JAKARTA. Sumutpos.Jawapos.com– Siapa identitas sebenarnya Dewi Astutik, warga Ponorogo, Jawa Timur, yang diduga terlibat penyelundupan narkotika dua ton, memang masih teka-teki. Namun, Badan Narkotika Nasional (BNN) menduga buronan Interpol itu berada di perbatasan antara Thailand, Myanmar, dan Kamboja.
Di kawasan yang sama pula Fredy Pratama, gembong narkotika Asia Tenggara asal Banjarmasin, Kalimantan Selatan, juga diduga berada. Kepala Biro Humas dan Protokoler BNN Brigjenpol Sulistyo Pudjo Hartono menuturkan bahwa berdasarkan data pihaknya, diketahui ujung dari kasus ini merupakan Dewi.
"Jadi, Dewi ini paling ujung dari sindikat ini," paparnya kepada Jawa Pos baru-baru ini.

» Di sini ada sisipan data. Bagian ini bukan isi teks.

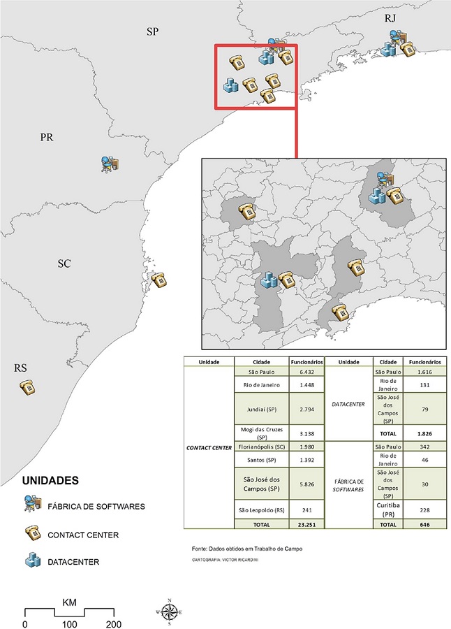 Como apresentado na Figura 2, a empresa mantém sua sede em Mogi das Cruzes (SP); os datacenters em São Paulo (SP), São José dos Campos (SP) e Rio de Janeiro (RJ); as fábricas de softwares nas três cidades anteriores e Curitiba (PR); e as operações de teleatendimento em outras oito cidades. No total, a empresa possuía, em 2011, pouco mais de 23 mil funcionários nas centrais de teleatendimento (Contact Centers), quase dois mil nos datacenters e em torno de 600 nas fábricas de softwares.
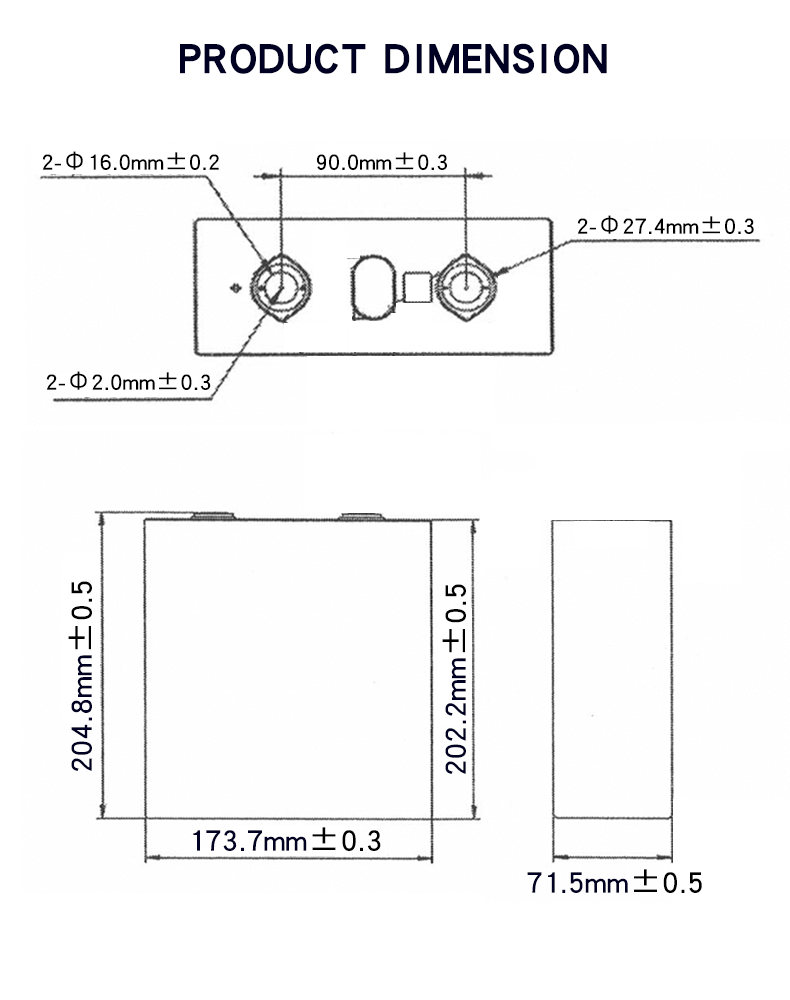 | طول و عرض (ڈرائنگ کا حوالہ دیں) | 71.5*173.7*204.8 ملی میٹر۔ |

Upaya penyelundupan narkotika dua ton itu digagalkan TNI AL di perairan Selat Durian, Karimun, Kepulauan Riau, pada 13 Mei. Narkotika berjenis sabu dan kokain tersebut diangkut sebuah kapal ikan berbendera Thailand yang dikapteni seorang warga Thailand dan berkru empat orang warga Myanmar. Semuanya ditangkap.
Di Dusun Sumber Agung, Desa/Kecamatan Balong, Ponorogo, sesuai kalimat yang tertera dalam KTP yang beredar di berbagai platform, Dewi Astutik tak dikenali tetangga dan perangkat desa. Ia diduga berangkat dengan izin menjadi pekerja migran Indonesia pada sekitar 2011 dengan menggunakan dokumen milik PA, sang adik, yang bukan warga Balong.
Kawasan Nirkontrol
Perbatasan Thailand, Myanmar, dan Kamboja dikenal sebagai ”wilayah tanpa hukum.” Kawasan ini dihuni banyak milisi bersenjata lengkap.

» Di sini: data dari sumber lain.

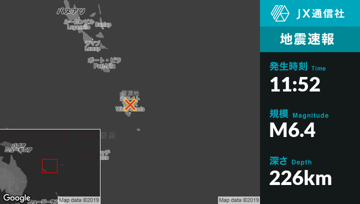 | 震源地 | バヌアツのIsangelから北北東59kmの地点 |
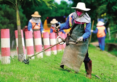 6月25日下午,海口市云龙镇云龙道班的工人们趁着天气好,抓紧时间割草护路。时下,正是海南的雨季,多雨的天气给海南各地的养路工人带来了不少的麻烦。据云龙道班班长陈之卫介绍,近期由于经常下雨,路面频繁受损,路边的杂草也长得很快,他们不得不加大工作量修路养路,以保证公路的畅通无阻。
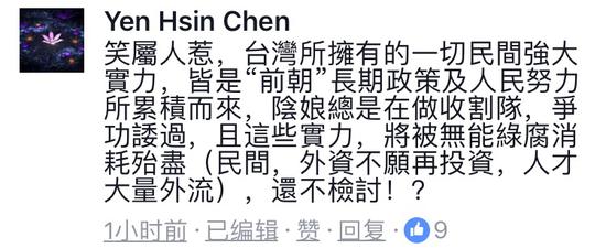 有網友直呼讓蔡英文檢討,稱臺灣的實力“將被綠營消耗殆盡”,外資不愿投資,人才大量外流。
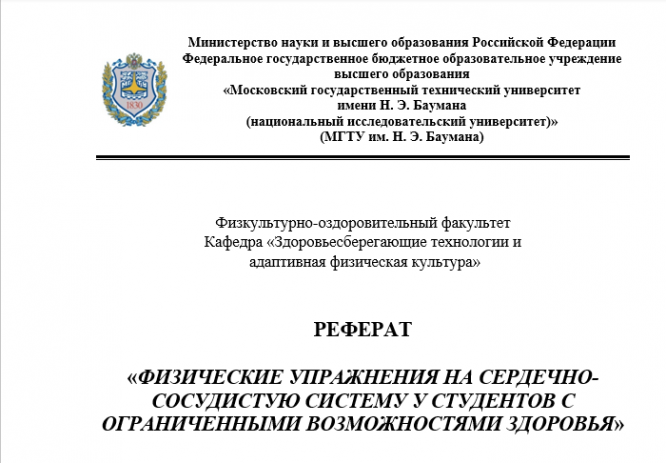 Для студентов МГТУ им. Н.Э.Баумана по предмету Физическая культура«ФИЗИЧЕСКИЕ УПРАЖНЕНИЯ НА СЕРДЕЧНО-СОСУДИСТУЮ СИСТЕМУ У СТУДЕНТОВ С ОГРАНИЧЕННЫМИ ВОЗМОЖНОСТЯМИ ЗДОРОВЬЯ». 5 баллов из 5«ФИЗИЧЕСКИЕ УПРАЖНЕНИЯ НА СЕРДЕЧНО-СОСУДИСТУЮ СИСТЕМУ У СТУДЕНТОВ С ОГРАНИЧЕННЫМИ ВОЗМОЖНОСТЯМИ ЗДОРОВЬЯ». 5 баллов из 5
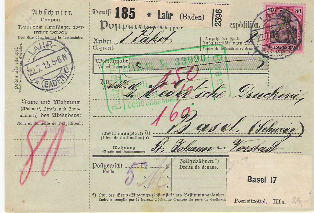 Die P/Karte in die Schweiz gibts zig mal. 80Pfg war die erste Gewichtsstüfe. Sie sind aber nicht zu verachten, weil es nämlich die gute 80Pfg Marken gibt (Mi 93II). Wenn man viel Glück hat, könnte er eventell eine erwischen.

Pemerintah Thailand sempat melakukan operasi besar-besaran di perbatasan tersebut, salah satunya untuk mengejar Fredy. Namun, belum membuahkan hasil, kendati Pemerintah Thailand sempat mematikan akses aliran listrik ke wilayah tersebut.
Sementara itu, dalam konferensi pers di Batam pada Senin (26/5), Kepala BNN Komjen Marthinus Hukom tidak memberikan penjelasan keterkaitan antara Fredy dengan Dewi. Meski demikian, Fredy memang berada di lokasi yang hampir sama dengan Dewi.
Baca Juga: Titi Dj dan Cakra Khan akan Berduet untuk Single 'Layar'
"Di daerah perbatasan ini memang tidak bisa dikontrol pemerintah di sana," paparnya.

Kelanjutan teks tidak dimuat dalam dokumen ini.